From: dima@arista.com (Dmitry Safonov)
Subject: [RFC 00/20] ns: Introduce Time Namespace
Date: Wed, 19 Sep 2018 21:50:17 +0100
Message-ID: <20180919205037.9574-1-dima@arista.com> (raw)
Message-ID: <20180919205017.IgkwHFA1WWNbVoccEQOYM9ccRdPfUZB9UNGVccfW_dw@z> (raw)

Discussions around time virtualization are there for a long time.
The first attempt to implement time namespace was in 2006 by Jeff Dike.
>From that time, the topic appears on and off in various discussions.

There are two main use cases for time namespaces:
1. change date and time inside a container;
2. adjust clocks for a container restored from a checkpoint.

“It seems like this might be one of the last major obstacles keeping
migration from being used in production systems, given that not all
containers and connections can be migrated as long as a time dependency
is capable of messing it up.” (by github.com/dav-ell)
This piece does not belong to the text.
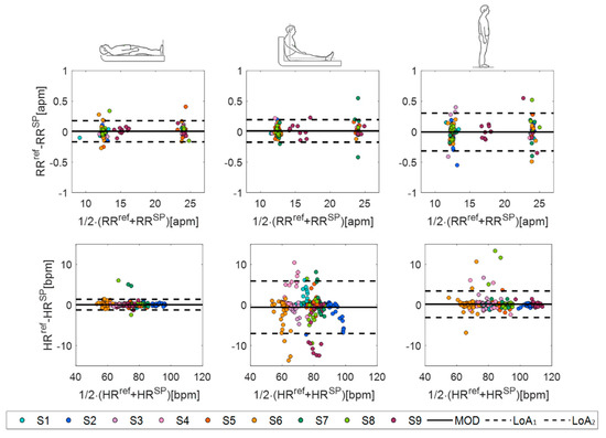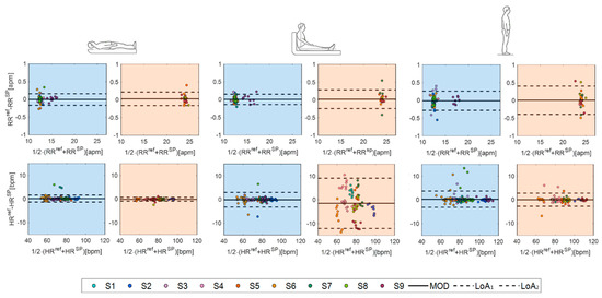 Bland–Altman plots: MOD (black line) and LOAs (black dotted lines) related to RR and HR in supine, sitting, and standing positions.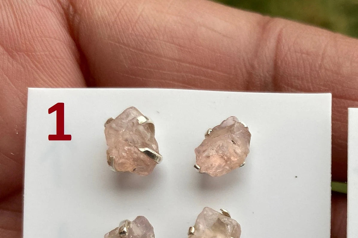 These raw Morganite gemstone ear studs made with 92.5 Sterling Silver Earring were handcrafted in Nepal. A unique gift for October Birthstone.

The kernel provides access to several clocks: CLOCK_REALTIME,
CLOCK_MONOTONIC, CLOCK_BOOTTIME. Last two clocks are monotonous, but the
start points for them are not defined and are different for each running
system. When a container is migrated from one node to another, all
clocks have to be restored into consistent states; in other words, they
have to continue running from the same points where they have been
dumped.

The main idea behind this patch set is adding per-namespace offsets for
system clocks. When a process in a non-root time namespace requests
time of a clock, a namespace offset is added to the current value of
this clock on a host and the sum is returned.

All offsets are placed on a separate page, this allows up to map it as 
part of vvar into user processes and use offsets from vdso calls.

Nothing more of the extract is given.